Call a text image conditional generation model for a conversation.

Parameters:

Name Type Description Default
dataset_id Annotated[str, Body(embed=True)]

The ID of the dataset to use.

required
conversation Annotated[EntityModel, Body(embed=True)]

The conversation to use.

required
messages Annotated[list[AnnotationModel], Body(embed=True)]

The messages to use.

required
model Annotated[str, Body(embed=True)]

The name of the model to use.

required
settings Annotated[Settings, Depends(get_settings)]

App settings.

required
max_new_tokens Annotated[int, Body(embed=True)]

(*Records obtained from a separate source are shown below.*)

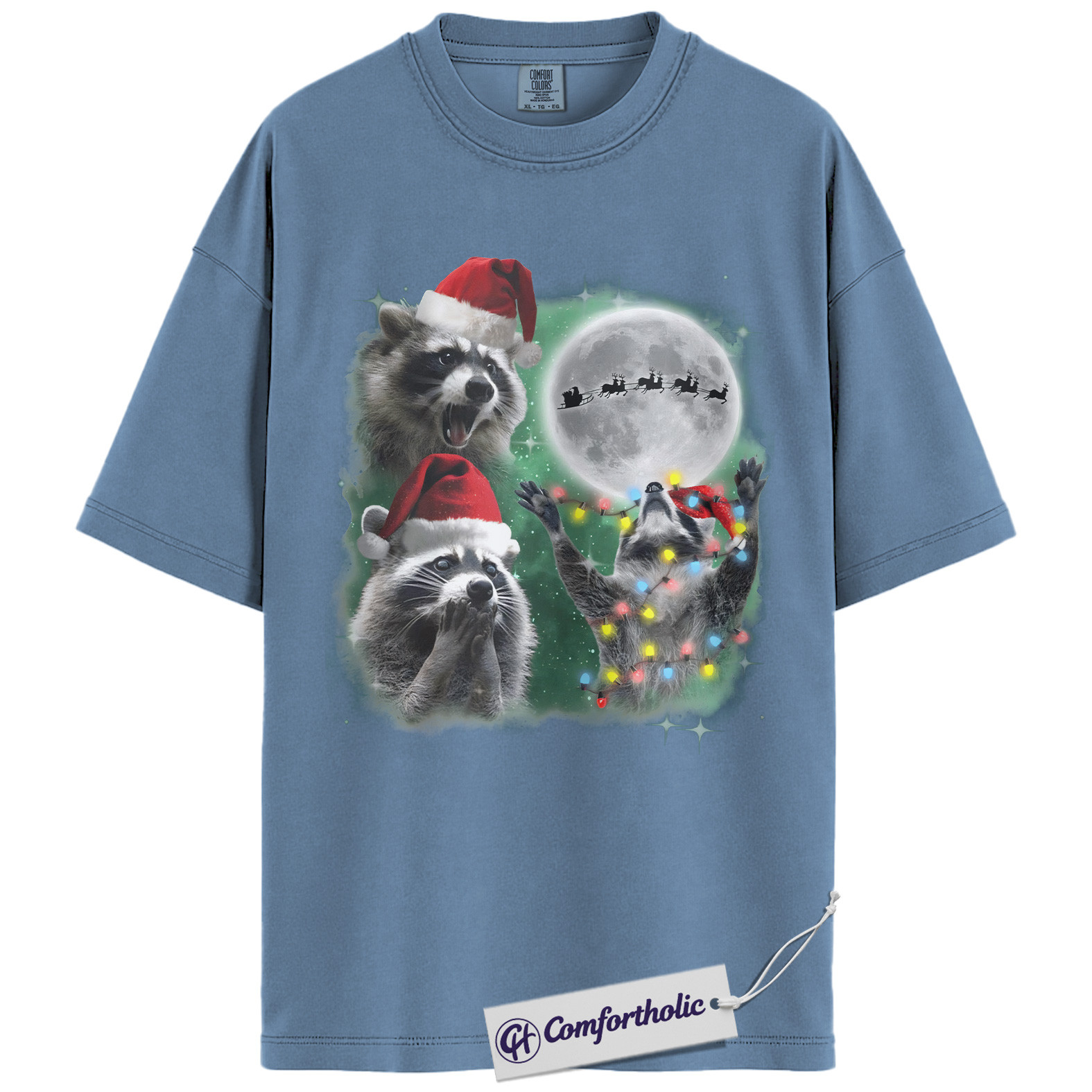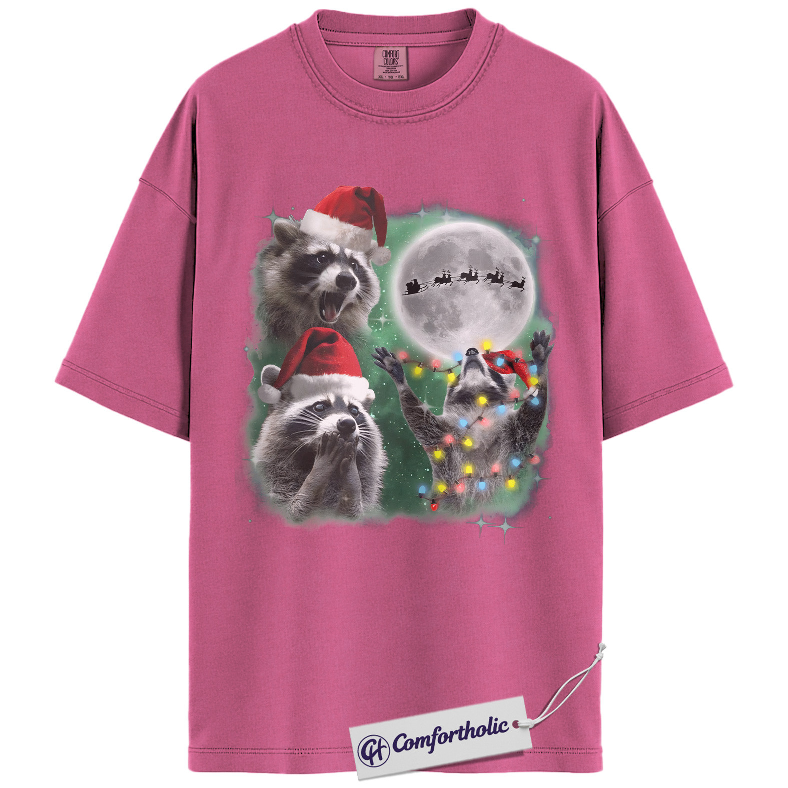 Raccoon Christmas Shirt, Funny Animal Holiday T-Shirt, Cute Raccoon in Santa Hat Graphic Tee, Christmas Gift for Animal Lovers, Christmas Comfort Colors Shirt
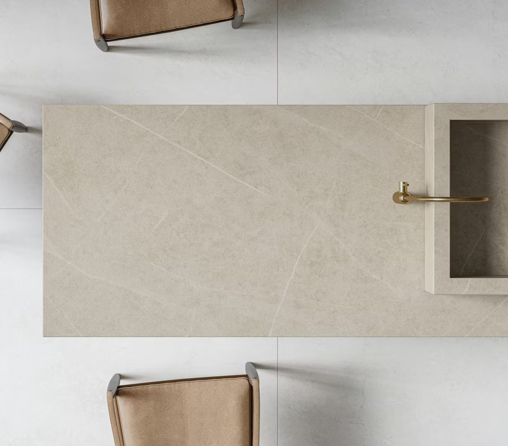 Dekton Sandik, İspanyol Crema Marfil mermerinin geleneksel zarafetini pürüzsüz yüzeyi, kremsi arka planı ve ince gri dokunuşlarıyla modern bir yorumla sunar. Sıcak ve dengeli renk yapısı sayesinde minimalist tasarımlar için zamansız bir estetik oluşturur.
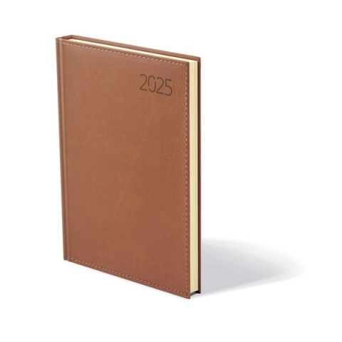 Matt, hőre színeződő olasz műbőr bevonóval, varrott kerettel készül. B5 méretű, heti beosztású, 144 oldal, chamois (krémszínű) tömbös naptár, színes oromszegővel, jelzőszalaggal, sarokperforációval...
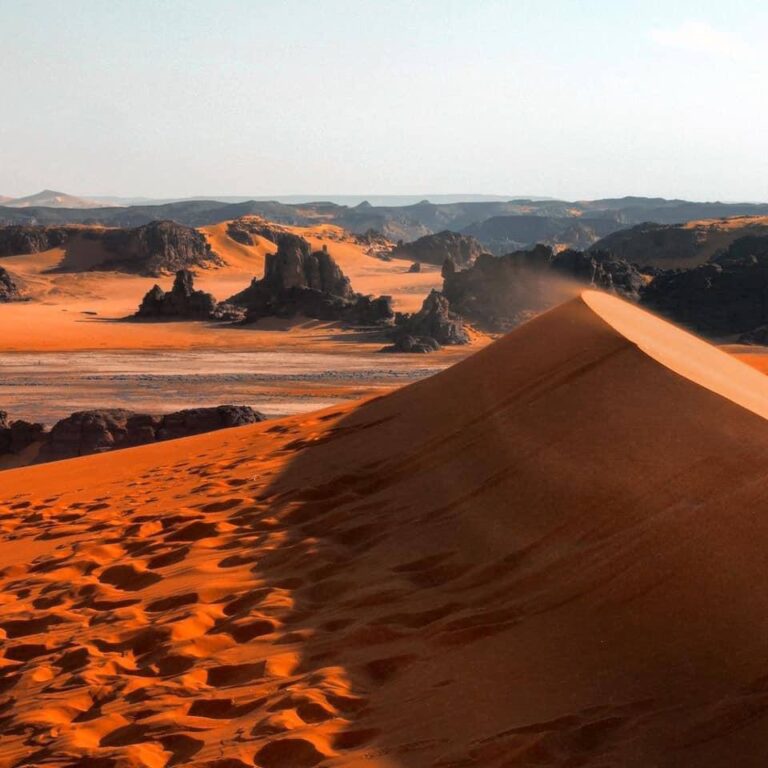 Laissez-vous envoûter par la magie de la Tadrart Rouge, avec ses majestueuses dunes aux couleurs changeantes et ses formations rocheuses évoquant des épaves de navires au milieu de l’océan ou des châteaux fortifiés. Les plus téméraires pourront tenter l’ascension de la mythique dune de Tin-Merzouga.
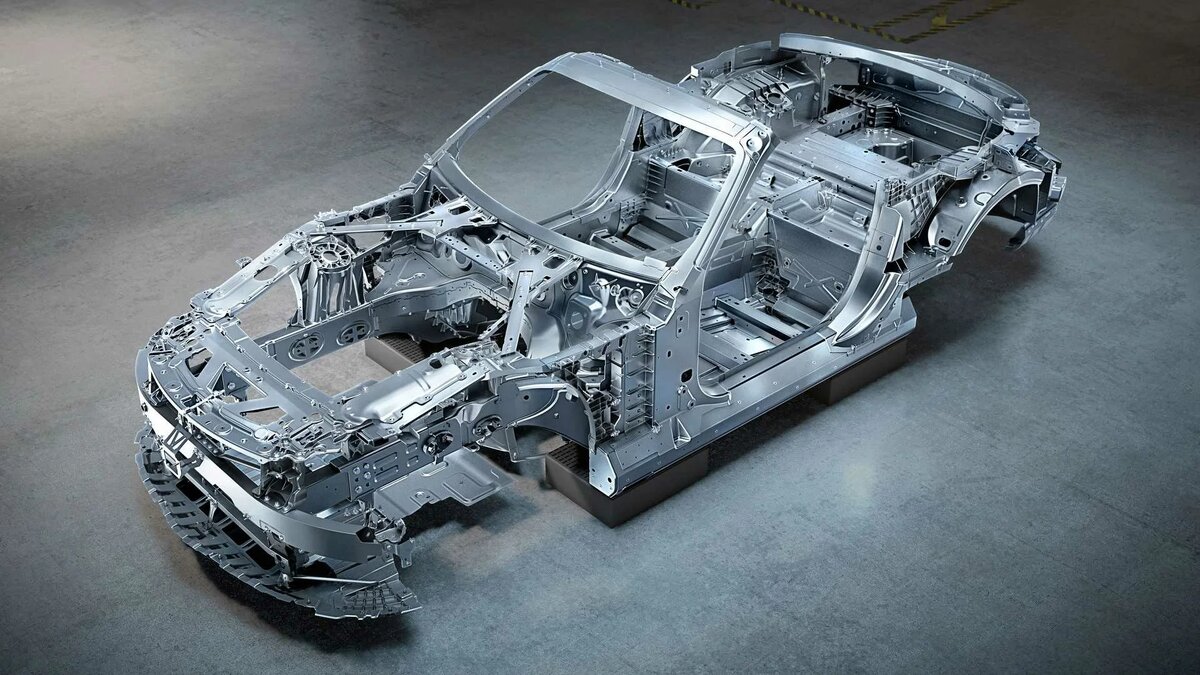 Несмотря на активное внедрение лёгких сплавов, высокопрочная сталь по-прежнему остаётся одним из основных материалов. Особые марки стали делают кузов лёгким, но при этом не теряют необходимой прочности, что важно для пассивной безопасности. - Алюминий
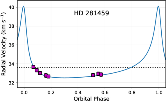 Our RV measurements for HD 281459, shown against the spectroscopic orbit from the Gaia DR3 non-single star solution. RV uncertainties are typically smaller than the symbol size.
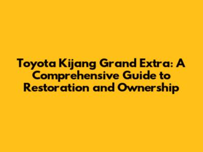 Toyota Kijang Grand Extra: Restoration & Guide
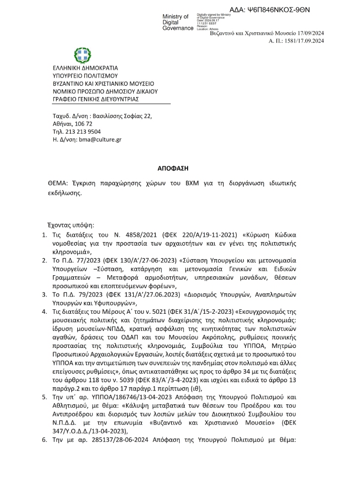 Μάλιστα, το σχετικό έγγραφο, με ημερομηνία έκδοσης 17/9/2024 και τίτλο «Έγκριση παραχώρησης χώρων του ΒΧΜ για τη διοργάνωση ιδιωτικής εκδήλωσης», φανερώνει και την ταχύτητα με τον οποία υλοποιήθηκε το σχετικό αίτημα, που υπεβλήθη μόλις ένδεκα ημέρες νωρίτερα, στις 6 Σεπτεμβρίου. Το θέμα εισήχθη στο ΔΣ του ΒΧΜ και εγκρίθηκε στην συνεδρίασή του της 12ης Σεπτεμβρίου.
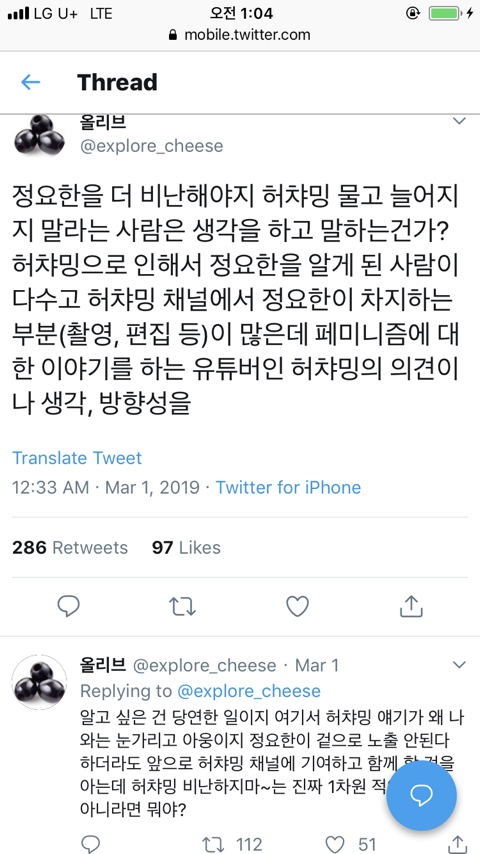 작성자오래가는행복이오기를 작성시간 19.03.28 허챠밍도 그냥 누구여친이 아닌 가해자 인데요

The maximum number of tokens to generate.

DEFAULT_MAX_NEW_TOKENS
temperature Annotated[float, Body(embed=True)]

The temperature to use.

DEFAULT_TEMPERATURE
image_regex Annotated[str, Body(embed=True)]

The regular expression to use to extract images from the text.

DEFAULT_IMAGE_REGEX
role_system Annotated[str, Body(embed=True)]

The role of the system.

DEFAULT_ROLE_SYSTEM
role_user Annotated[str, Body(embed=True)]

The role of the user.

DEFAULT_ROLE_USER
role_assistant Annotated[str, Body(embed=True)]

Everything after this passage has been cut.